«Acho interessante, Clara, comparar as minhas idas à praia em pequenita com o que se passa na actualidade.
As minhas férias eram bem grandes, tal como as das crianças de hoje, e a mim pareciam-me enormes. Dividiam-se por fases: Por uns tempos, cerca de um mês, ia para a aldeia, perdida lá no sul, casa de família do meu pai. Depois, que me lembre, alugava-se uma casa na Nazaré ou em S. Martinho, e íamos todos apanhar o ar do mar (mais tarde posso falar disto com mais pormenor), e mais tarde ia para uma outra casa de família que variava.

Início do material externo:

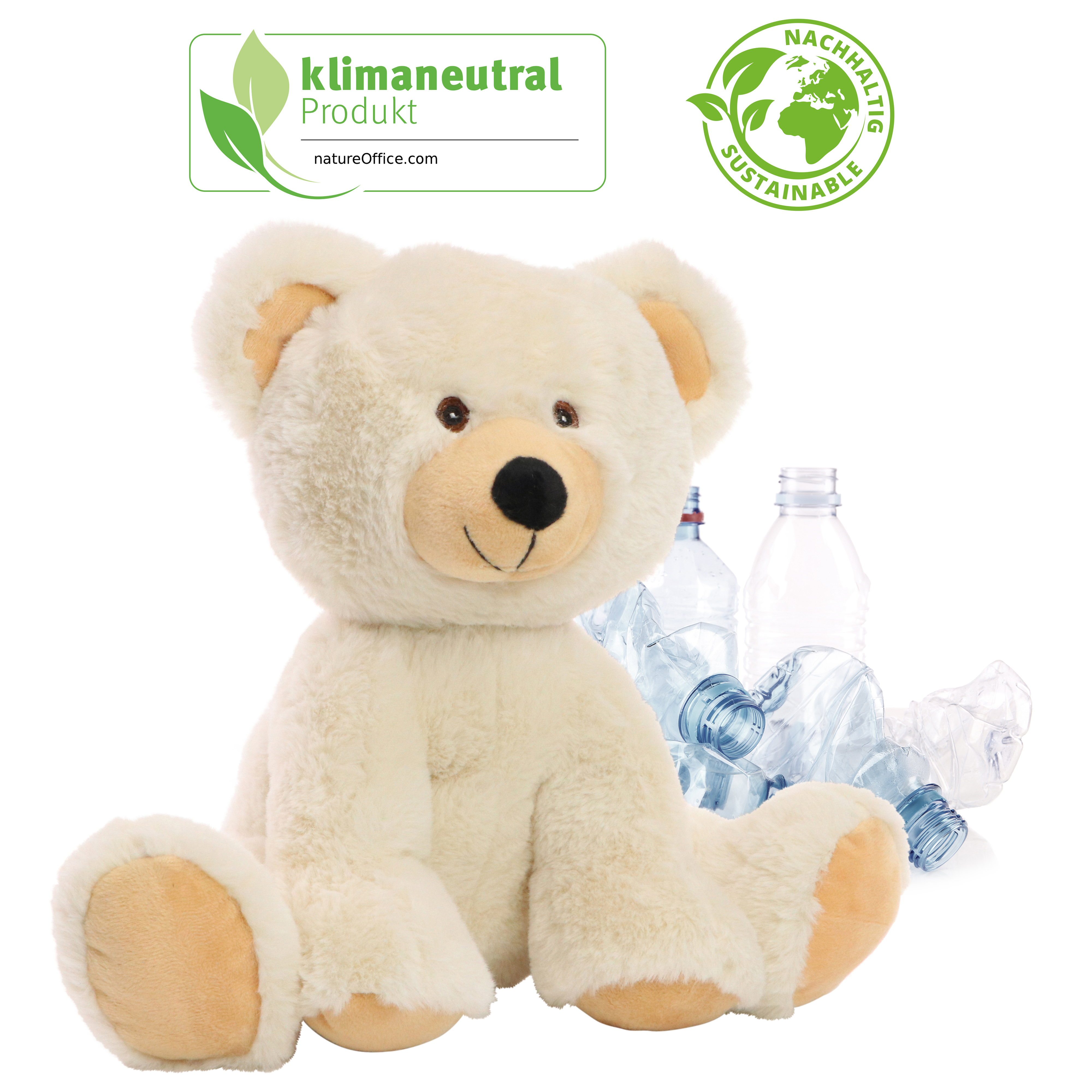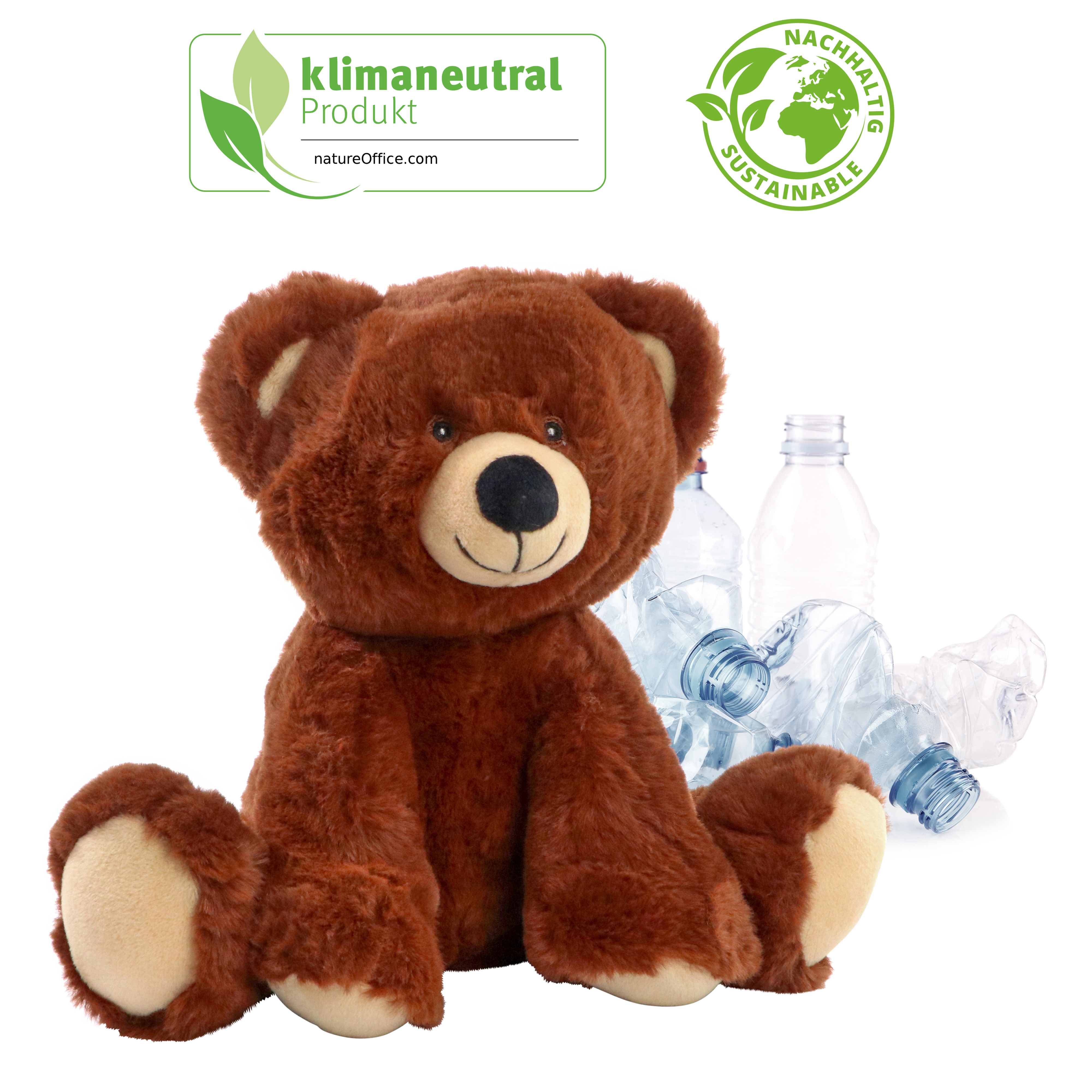 Teddybären sind die beliebtesten Kuscheltiere. Dieser superweiche Kuschelbär besteht aus genutzten und recycelten Plastikflaschen. Je nach Artikelgröße wird für die Herstellung des Materiasl etwa 6-8 PET-Flaschen (500ml) verwendet. Augen und Nase sind gestickt, es werden also keine zusätzlichen Plastikteile verwendet. Für Kinder ist er ein treuer Begleiter, der Sicherheit gibt und beim Einschlafen hilft; aber auch Erwachsene erfreuen sich immer wieder über ein so nachhaltiges und freundliches Mitbringsel oder Give-away.

Mas do que recordo com muitas saudades eram as idas à praia só com a minha mãe, ainda no início do Verão. Uma festa, para mim! Acordava noite escura. Que excitação! Depois, com o arranjar-me, comer, sair de casa, recordo que já havia luz quando se saía para a rua. Nós não tínhamos carro, aliás como nenhum dos amigos dos meus pais. Era ainda um luxo muito grande nessa época. Portanto a ida à praia era, naturalmente, de transportes públicos. Dava a mão à mãe e lá íamos, eu aos saltinhos e muitas vezes largando-lhe a mão para me sentir independente, até à paragem do eléctrico. Como era tão cedo, apanhávamos um eléctrico que me lembro chamar-se “carro operário” porque quem o usava eram sobretudo trabalhadores dessa classe. Os bilhetes eram mais baratos e comprava-se logo um de ida e volta.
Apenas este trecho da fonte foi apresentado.